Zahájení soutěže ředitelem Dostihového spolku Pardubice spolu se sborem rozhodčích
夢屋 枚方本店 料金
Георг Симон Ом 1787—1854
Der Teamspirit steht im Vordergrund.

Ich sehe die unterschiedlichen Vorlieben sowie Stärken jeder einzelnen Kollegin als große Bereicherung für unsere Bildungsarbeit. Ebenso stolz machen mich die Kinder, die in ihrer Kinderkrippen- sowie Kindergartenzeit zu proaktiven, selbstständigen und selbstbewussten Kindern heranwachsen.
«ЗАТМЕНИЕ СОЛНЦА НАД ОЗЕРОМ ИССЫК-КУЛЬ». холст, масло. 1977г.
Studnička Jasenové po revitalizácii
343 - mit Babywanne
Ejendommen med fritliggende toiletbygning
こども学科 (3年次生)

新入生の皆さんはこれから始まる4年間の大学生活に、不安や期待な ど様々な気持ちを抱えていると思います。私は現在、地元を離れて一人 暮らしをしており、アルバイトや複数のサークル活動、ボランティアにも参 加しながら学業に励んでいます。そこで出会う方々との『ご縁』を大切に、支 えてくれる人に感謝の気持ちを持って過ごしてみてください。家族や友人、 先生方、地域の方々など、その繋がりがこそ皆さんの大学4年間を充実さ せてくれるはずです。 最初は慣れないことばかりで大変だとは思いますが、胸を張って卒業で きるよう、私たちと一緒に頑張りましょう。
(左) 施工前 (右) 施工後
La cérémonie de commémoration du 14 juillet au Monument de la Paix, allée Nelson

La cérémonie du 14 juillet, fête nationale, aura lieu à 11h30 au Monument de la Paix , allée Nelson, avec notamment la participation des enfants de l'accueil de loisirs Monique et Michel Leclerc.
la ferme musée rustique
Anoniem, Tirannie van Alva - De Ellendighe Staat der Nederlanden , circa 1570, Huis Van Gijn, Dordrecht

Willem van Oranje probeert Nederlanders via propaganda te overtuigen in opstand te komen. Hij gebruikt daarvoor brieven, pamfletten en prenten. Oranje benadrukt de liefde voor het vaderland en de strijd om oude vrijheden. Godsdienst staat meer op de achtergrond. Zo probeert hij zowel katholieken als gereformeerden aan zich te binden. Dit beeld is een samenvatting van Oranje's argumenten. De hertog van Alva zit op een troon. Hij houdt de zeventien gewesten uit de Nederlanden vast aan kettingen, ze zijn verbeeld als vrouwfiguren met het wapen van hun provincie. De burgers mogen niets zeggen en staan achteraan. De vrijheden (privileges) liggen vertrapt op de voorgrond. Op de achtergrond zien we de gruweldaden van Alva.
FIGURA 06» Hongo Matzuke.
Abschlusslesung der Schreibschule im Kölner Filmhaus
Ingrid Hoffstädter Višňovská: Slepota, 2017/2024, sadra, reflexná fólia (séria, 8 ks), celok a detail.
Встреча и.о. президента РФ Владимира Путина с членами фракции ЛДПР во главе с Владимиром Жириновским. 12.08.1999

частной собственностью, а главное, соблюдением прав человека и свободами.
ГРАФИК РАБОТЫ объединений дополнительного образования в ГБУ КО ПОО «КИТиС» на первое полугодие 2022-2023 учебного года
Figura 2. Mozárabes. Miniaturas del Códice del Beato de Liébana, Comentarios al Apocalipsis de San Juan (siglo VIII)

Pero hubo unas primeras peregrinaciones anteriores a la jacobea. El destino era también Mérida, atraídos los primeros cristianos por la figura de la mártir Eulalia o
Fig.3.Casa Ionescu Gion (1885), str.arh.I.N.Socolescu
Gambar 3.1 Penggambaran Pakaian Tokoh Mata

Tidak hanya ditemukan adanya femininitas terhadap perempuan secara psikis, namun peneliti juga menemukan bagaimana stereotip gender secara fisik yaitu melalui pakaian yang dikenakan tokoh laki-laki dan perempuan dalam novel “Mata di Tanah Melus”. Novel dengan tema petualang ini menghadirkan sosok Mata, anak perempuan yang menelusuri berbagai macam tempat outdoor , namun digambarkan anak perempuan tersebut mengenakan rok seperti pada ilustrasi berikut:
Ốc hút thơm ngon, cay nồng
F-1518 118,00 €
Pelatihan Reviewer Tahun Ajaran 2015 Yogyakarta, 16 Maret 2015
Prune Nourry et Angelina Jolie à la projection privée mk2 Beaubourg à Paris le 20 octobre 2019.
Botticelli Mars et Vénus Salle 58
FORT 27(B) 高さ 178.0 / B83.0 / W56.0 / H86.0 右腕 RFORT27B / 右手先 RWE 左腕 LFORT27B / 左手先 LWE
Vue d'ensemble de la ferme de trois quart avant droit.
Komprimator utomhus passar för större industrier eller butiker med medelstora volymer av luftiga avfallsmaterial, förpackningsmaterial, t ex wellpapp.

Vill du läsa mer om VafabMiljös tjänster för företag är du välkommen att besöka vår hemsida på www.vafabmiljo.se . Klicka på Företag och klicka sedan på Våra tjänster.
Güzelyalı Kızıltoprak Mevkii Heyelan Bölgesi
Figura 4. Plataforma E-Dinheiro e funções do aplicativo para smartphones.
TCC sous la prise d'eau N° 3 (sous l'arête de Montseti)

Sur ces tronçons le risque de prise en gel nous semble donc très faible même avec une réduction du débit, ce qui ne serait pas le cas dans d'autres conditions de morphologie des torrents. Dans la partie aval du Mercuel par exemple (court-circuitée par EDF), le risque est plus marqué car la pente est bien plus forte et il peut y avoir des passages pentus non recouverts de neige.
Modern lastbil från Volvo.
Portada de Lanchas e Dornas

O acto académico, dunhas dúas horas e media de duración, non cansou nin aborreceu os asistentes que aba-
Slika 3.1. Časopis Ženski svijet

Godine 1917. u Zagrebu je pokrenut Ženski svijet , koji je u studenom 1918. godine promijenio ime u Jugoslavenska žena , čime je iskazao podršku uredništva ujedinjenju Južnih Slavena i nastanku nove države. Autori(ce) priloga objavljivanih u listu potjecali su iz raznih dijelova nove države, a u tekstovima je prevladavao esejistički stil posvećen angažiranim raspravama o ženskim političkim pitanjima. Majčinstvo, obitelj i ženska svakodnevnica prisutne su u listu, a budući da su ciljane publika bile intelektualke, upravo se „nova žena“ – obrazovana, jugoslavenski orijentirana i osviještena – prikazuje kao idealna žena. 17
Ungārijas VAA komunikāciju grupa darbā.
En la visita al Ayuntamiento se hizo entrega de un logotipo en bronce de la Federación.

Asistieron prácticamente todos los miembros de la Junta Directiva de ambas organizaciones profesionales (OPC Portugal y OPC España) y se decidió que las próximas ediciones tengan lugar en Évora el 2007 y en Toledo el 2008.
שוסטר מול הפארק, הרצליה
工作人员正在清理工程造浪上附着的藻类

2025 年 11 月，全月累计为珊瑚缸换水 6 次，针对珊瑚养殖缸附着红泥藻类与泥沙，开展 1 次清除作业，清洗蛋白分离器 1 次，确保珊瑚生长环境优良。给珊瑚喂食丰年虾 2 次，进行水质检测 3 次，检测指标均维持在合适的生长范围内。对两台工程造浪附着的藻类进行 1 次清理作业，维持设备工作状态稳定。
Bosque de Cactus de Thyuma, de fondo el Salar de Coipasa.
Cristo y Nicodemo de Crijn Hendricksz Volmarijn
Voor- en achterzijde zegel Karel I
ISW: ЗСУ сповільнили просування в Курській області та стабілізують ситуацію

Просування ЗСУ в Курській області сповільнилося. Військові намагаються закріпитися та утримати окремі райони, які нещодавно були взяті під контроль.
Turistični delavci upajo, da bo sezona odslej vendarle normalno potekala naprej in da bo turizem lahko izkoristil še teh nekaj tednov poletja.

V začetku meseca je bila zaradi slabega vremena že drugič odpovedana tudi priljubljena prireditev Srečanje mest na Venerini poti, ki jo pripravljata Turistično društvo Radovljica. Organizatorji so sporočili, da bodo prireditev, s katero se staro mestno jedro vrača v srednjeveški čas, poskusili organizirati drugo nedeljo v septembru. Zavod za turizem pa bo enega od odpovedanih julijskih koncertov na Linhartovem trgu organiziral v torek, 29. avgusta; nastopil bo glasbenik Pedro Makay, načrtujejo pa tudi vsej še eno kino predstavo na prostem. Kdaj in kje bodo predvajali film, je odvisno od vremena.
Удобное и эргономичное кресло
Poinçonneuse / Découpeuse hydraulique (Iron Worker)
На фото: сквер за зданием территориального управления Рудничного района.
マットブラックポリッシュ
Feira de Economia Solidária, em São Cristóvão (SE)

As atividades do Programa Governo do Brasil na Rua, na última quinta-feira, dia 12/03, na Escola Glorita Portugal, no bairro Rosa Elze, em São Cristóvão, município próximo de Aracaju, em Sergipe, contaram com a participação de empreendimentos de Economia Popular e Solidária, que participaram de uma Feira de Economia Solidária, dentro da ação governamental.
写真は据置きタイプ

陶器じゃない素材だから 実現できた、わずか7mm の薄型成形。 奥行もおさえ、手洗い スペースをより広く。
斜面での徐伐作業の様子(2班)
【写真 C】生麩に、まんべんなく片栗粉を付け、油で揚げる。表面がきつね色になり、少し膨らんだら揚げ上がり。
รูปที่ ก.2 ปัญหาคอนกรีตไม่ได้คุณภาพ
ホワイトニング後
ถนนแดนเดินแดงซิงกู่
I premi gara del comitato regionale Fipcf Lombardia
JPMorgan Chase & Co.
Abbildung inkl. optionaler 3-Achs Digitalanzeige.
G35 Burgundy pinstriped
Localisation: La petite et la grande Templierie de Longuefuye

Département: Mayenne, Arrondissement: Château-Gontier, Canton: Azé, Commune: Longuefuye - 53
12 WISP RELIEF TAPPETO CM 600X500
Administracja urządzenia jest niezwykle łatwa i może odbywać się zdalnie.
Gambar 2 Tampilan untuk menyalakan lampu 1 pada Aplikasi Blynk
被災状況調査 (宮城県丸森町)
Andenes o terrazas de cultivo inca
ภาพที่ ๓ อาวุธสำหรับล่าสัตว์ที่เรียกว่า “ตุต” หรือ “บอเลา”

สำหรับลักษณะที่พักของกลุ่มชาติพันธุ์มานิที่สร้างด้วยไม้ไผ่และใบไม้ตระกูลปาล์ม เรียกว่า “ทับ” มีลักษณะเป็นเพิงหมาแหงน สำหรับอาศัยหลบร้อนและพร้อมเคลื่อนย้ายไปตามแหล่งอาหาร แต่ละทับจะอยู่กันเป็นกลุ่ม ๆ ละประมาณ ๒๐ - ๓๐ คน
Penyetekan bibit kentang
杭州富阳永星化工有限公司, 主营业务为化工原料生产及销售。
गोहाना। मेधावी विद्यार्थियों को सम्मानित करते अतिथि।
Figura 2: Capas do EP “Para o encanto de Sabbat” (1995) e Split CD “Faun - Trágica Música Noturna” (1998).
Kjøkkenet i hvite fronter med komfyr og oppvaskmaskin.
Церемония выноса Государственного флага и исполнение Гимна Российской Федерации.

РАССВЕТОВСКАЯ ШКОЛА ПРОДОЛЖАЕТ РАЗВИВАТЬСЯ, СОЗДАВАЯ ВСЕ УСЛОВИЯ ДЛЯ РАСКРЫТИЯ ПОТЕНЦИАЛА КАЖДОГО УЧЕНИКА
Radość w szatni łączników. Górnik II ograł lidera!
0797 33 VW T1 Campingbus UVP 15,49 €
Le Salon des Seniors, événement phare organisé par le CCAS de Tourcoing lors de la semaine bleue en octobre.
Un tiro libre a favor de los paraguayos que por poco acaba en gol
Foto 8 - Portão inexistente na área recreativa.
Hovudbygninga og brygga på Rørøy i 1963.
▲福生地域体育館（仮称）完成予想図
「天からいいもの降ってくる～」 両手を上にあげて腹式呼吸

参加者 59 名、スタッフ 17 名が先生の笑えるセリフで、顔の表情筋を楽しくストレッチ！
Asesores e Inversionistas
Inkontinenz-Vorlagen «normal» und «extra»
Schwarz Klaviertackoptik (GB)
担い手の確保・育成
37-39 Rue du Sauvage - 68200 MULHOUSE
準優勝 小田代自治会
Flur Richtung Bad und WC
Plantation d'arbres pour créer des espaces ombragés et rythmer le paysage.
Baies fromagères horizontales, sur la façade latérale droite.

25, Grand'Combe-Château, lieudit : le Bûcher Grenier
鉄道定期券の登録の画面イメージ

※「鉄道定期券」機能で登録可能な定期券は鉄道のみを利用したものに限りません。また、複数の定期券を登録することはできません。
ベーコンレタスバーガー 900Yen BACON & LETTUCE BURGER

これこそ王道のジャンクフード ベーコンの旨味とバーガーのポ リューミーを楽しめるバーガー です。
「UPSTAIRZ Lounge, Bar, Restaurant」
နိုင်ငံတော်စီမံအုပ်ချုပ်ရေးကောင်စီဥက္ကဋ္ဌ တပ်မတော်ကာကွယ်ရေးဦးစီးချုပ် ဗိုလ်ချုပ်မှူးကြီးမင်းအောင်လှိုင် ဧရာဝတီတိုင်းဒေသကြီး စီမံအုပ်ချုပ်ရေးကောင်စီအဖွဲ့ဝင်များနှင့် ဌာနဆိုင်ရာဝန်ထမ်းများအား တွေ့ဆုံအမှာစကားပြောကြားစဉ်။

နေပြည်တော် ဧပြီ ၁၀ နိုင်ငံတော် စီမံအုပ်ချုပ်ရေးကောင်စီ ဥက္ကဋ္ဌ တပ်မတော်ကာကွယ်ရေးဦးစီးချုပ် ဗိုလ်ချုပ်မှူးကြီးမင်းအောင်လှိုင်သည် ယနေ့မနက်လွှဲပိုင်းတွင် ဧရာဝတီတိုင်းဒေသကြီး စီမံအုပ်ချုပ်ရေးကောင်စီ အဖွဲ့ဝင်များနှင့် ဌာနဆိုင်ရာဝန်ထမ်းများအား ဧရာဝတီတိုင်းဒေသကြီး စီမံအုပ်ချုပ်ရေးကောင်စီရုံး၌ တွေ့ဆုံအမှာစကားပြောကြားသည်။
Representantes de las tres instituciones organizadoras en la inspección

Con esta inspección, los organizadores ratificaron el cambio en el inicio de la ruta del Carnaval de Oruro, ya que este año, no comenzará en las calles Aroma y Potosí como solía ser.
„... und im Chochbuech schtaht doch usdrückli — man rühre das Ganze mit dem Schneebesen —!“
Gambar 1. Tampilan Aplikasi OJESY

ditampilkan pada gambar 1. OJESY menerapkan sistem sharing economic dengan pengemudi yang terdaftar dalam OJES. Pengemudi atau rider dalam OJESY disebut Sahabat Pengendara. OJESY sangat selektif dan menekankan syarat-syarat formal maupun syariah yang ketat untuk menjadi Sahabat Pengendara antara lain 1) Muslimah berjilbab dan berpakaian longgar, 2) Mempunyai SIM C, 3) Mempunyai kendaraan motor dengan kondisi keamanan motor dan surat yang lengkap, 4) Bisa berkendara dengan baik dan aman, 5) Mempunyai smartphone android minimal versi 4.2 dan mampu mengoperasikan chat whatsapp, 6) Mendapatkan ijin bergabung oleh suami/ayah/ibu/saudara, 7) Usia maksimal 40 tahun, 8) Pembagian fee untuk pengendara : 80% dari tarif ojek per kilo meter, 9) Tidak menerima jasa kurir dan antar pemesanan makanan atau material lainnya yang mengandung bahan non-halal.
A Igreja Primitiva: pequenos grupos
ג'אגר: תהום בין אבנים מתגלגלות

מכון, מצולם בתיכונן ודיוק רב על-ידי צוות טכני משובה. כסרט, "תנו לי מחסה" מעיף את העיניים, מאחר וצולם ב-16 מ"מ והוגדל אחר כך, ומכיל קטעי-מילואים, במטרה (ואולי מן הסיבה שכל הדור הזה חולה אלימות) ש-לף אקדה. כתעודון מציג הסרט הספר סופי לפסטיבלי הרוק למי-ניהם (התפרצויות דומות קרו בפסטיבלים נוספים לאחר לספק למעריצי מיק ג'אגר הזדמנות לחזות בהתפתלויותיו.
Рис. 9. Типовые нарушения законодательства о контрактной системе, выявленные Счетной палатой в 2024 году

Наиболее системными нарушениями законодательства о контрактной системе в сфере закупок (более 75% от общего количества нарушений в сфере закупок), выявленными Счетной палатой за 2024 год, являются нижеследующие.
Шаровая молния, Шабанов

-=-=-=-=-

Within the listing above, locate the line containing "Plantation d'arbres pour" and the line containing "これこそ王道のジャンクフード ベーコンの旨味とバーガーのポ リューミーを楽しめるバーガー". Reproduce those two lines and all lines between them exactly, with nothing added.

• _OUTPUT OF THE EXERCISE_:
Plantation d'arbres pour créer des espaces ombragés et rythmer le paysage.
Baies fromagères horizontales, sur la façade latérale droite.

25, Grand'Combe-Château, lieudit : le Bûcher Grenier
鉄道定期券の登録の画面イメージ

※「鉄道定期券」機能で登録可能な定期券は鉄道のみを利用したものに限りません。また、複数の定期券を登録することはできません。
ベーコンレタスバーガー 900Yen BACON & LETTUCE BURGER

これこそ王道のジャンクフード ベーコンの旨味とバーガーのポ リューミーを楽しめるバーガー です。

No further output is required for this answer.